The "magic mirror" of the big model is here, let RAG cure the "nonsense" of AI

Written by

Jasper Cole

Updated on:June-20th-2025

When AI starts to talk nonsense

I believe that many people often encounter a situation when using large models like DeepSeek, where even it can speak nonsense seriously. For example, when an AI interviewer asked the interviewer "What is the company's overtime culture like?", it actually made up a non-existent welfare policy seriously.

This kind of hallucinatory answer is a fatal weakness of the Large Language Model (LLM). It is like a top student who is very good at mathematics but makes a big mistake when doing a math problem. This time we are going to see how RAG (Retrieval Augmented Generation) can make AI less stupid.

The origin of the "illusion" of the large model

As the saying goes, knowing yourself and your enemy ensures victory in every battle. Let us first understand some of the "illusions" of large models, which mainly come from two flaws:

Knowledge truncation: The model has only seen the training data and knows nothing about information outside the training set. For example, after a large model is trained for 23 years, it will never know who the World Cup champion was in 24 years.

2. Probability game: The essence of a language model is to predict the probability of the next word. When faced with some open-ended questions, it may “piece together” answers that seem reasonable but are completely wrong.

RAG appears, equipping AI with a “search engine”

If the traditional large model is a closed-door model, RAG connects it to the Internet so that it can have more contact with the outside world. When a user asks a question, the system will search for relevant information from an external knowledge base (documents, databases); the retrieved content will be used as context and input into the language model to produce the final answer. For example, when a user asks, "How many kilometers does Tesla's latest model have a range?" RAG will first obtain the latest data from the official website or news library, and then let the model generate an answer based on these facts, rather than making random guesses. Those who have used Tencent Yuanbao may have noticed that it can choose to connect to the Internet while selecting a large model, and this is probably the case. However, there is also some spam in the current domestic network environment. For example, if you check a certain official website, a bunch of advertisements will appear, which may also affect the final answer. Therefore, the establishment of a knowledge base is also very necessary.

RAG's three "killer weapons"

Traditional large model knowledge ends at the node of training data, while RAG can dynamically update the knowledge base.
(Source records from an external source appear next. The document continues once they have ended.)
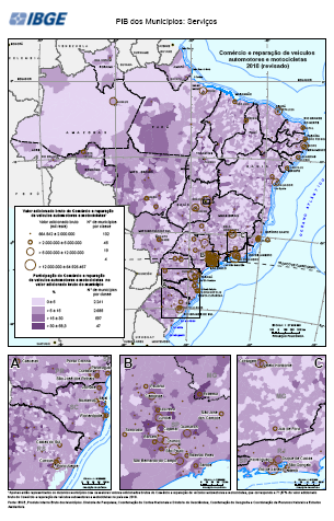 "Conjunto de Mapas exibindo a o valor bruto e a participação do comércio no valor adicionado bruto municipal Estatísticas macroeconômicas. Dados por município. Período de referência 01/01/2018 a 31/12/2018. Contas Nacionais Periodicidade anual IBGE, Produto Interno Bruto dos Municípios. Diretoria de Pesquisas, Coordenação de Contas Nacionais e Diretoria de Geociências, Coordenação de Geografia. IBGE, Malha Municipal 2018"
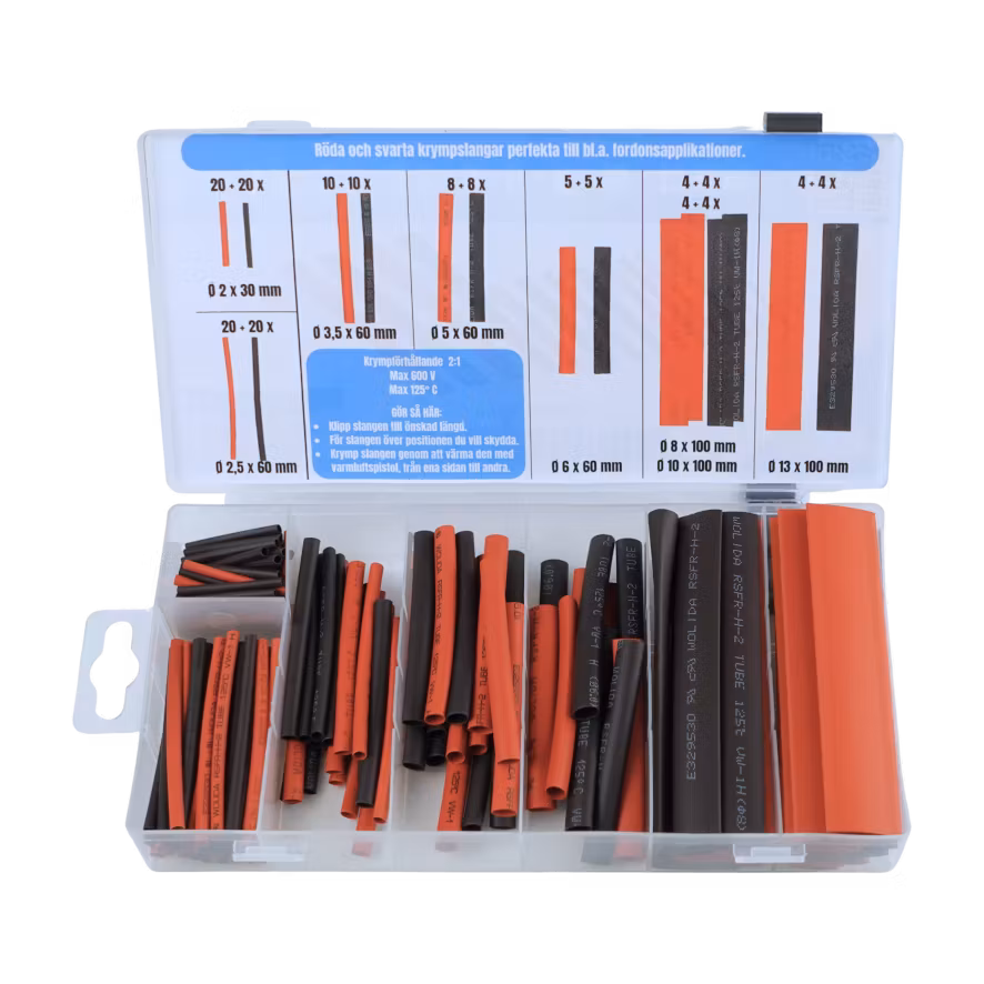 Röda och svarta krympslangar med krympförhållande 2:1. Max 600 V. Max 125° C. Ø mm: 2,0 - 2,5 - 3,5 - 5,0 - 6,0 - 8,0 - 10,0 - 13,0
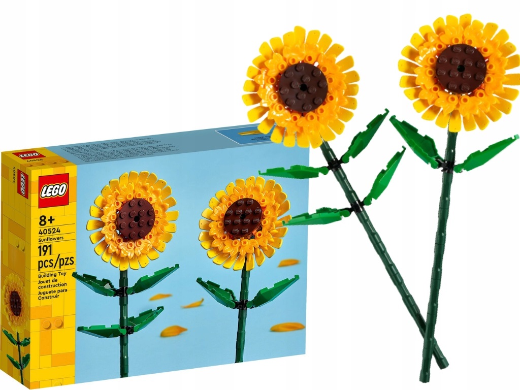 - Sięgnij po kolorowy zestaw konstrukcyjny LEGO® Słoneczniki (40524) i zbuduj ozdobę, którą udekorujesz swój dom. W pudełku są dwa kwiaty słoneczników z regulowanymi zielonymi łodygami i liśćmi
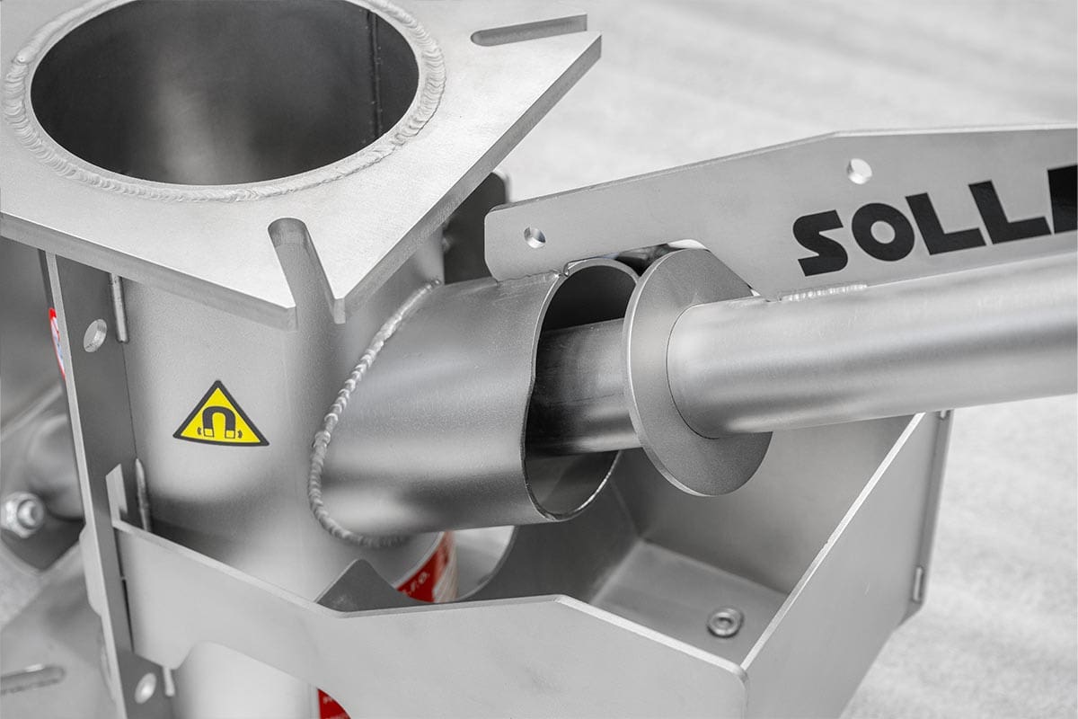 Усиленный корпус рассчитан на то, чтобы выдерживать столб гранулята и весь бункер (около 200 кг). Поэтому сепаратор можно устанавливать непосредственно под бункером термопластавтомата без необходимости в дополнительных опорах.

For example, in the financial field, policies and regulations are changing every day, and RAG can ensure that AI keeps pace with the times; RAG can not only generate answers, but also tell you where the answers come from; compared to retraining large models, RAG only needs to optimize retrieval modules and prompt engineering, which is lower cost and faster response.
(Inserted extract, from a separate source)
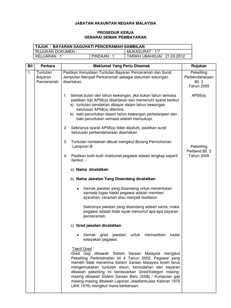 Terima tuntutan daripada pegawai seperti di lampiran pastikan borang permohonan dan dokumen sokongan lengkap berdasarkan senarai semak di lampiran f. Tuntutan bayaran penceramah tarikh ubahsuai. Borang tuntutan pensyarah penceramah dan fasilitator sambilan penceramah luar yang telah lengkap diisi dan ditandatangani oleh pemohon ketua jabatan tempat bertugas dan ketua jabatan penganjur syarahan ceramah. Borang baucar berasingan sg 50 arai ian 1 rujukan pekeliling perbendaharaan bil.
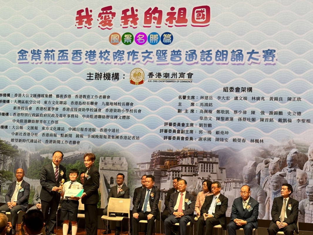 香港中通社圖片。陳卓儀攝 組委會主席、香港潮州商會會長馬鴻銘表示,舉辦本次活動,是香港潮州商會“弘揚文化、服務社會、興學育才”宗旨的體現。他希望透過比賽能增進學生對國家與民族的認同感與歸屬感,讓他們透過筆端和口說,表達出對祖國的感激之情以及對未來的美好展望。同時他透露,香港潮州商會也將會繼續不斷地舉辦多元的文化活動,展現香港獨特的文化特色和多元融合的創造性和魅力。 藝術香港出品人張錦洲表示,同學們以優美的普通話,以真摯的情感,向我們展示了祖國的美麗和壯麗。在參賽的過程中,不僅提升了自己的國語水平,更培養了對祖國的深厚感情。少年智則國智,少年富則國富;少年強則國強。他寄語同學們努力學習,茁壯成長,為祖國的富強昌盛,為香港的繁榮穩定做出貢獻。 組委會名譽主席、香港教育工作者聯會主席黃錦良表示,此次比賽自8月初正式啟動,得到了香港教育界的熱烈支持,近百間香港中、小學踴躍報名並提交作品。大賽以“我愛我的祖國”為主題,也正是希望通過作文和朗誦的形式,讓同學們更加深入地瞭解和感受祖國的悠久歷史、燦爛文化和偉大成就,從而增進他們的愛國意識。他相信,在參與本次大賽的過程中,同學們一定能夠增強對祖國的認同感和歸屬感,培養自己的愛國之情、砥礪強國之志,從而更加自信、自豪地面對未來。 大灣區航空公司行政總裁許漢忠表示,大灣區航空公司一直以來都非常重視青少年的愛國主義教育,並致力於履行企業社會責任,時刻不忘回饋社會。為支持本次活動無償提供香港至台北來回機票作為特等至三等獎學生獎勵。他希望本次活動能夠幫助同學拓展視野、增長見識,拓展視野和思維。 評審委員會副主席、香港新聞工作者聯會副主席郭一鳴介紹了本次大賽評審的相關情況,本次大賽參賽學校不僅有中學組,還增加了小學組。學生們從不同的角度來寫作,其中有寫第一次踏入家鄉感受的,也有時隔幾年再次回到內地發現發展變化的,也有抒發對祖國大好山河讚賞的。本次評審,先後邀請了三十多位專業評委,包括一些在文化與教育領域有較高聲譽的評委,共評出小學組及中學組各組別特等獎1名、一等獎4名、二等獎9名、三等獎13名。及大賽優秀獎二十二名,經複審以及特聘核數師對評分核算,符合程序。

The emergence of RAG is driving the evolution of AI from "memory type" to "cognition type". Multimodal retrieval enables AI to not only read text, but also view images and videos to build a richer knowledge network; real-time adjustment of retrieval strategies through user feedback makes AI smarter; localized deployment and localized knowledge base can prevent corporate data from being leaked during collaboration, and permissions can be used to control user access rights.

The illusion problem of big models is not unsolvable. The key lies in whether we have equipped it with the auditor RAG. Now many companies are using big models and RAG to build their own local environment. Is your Tuna pair also implementing RAG?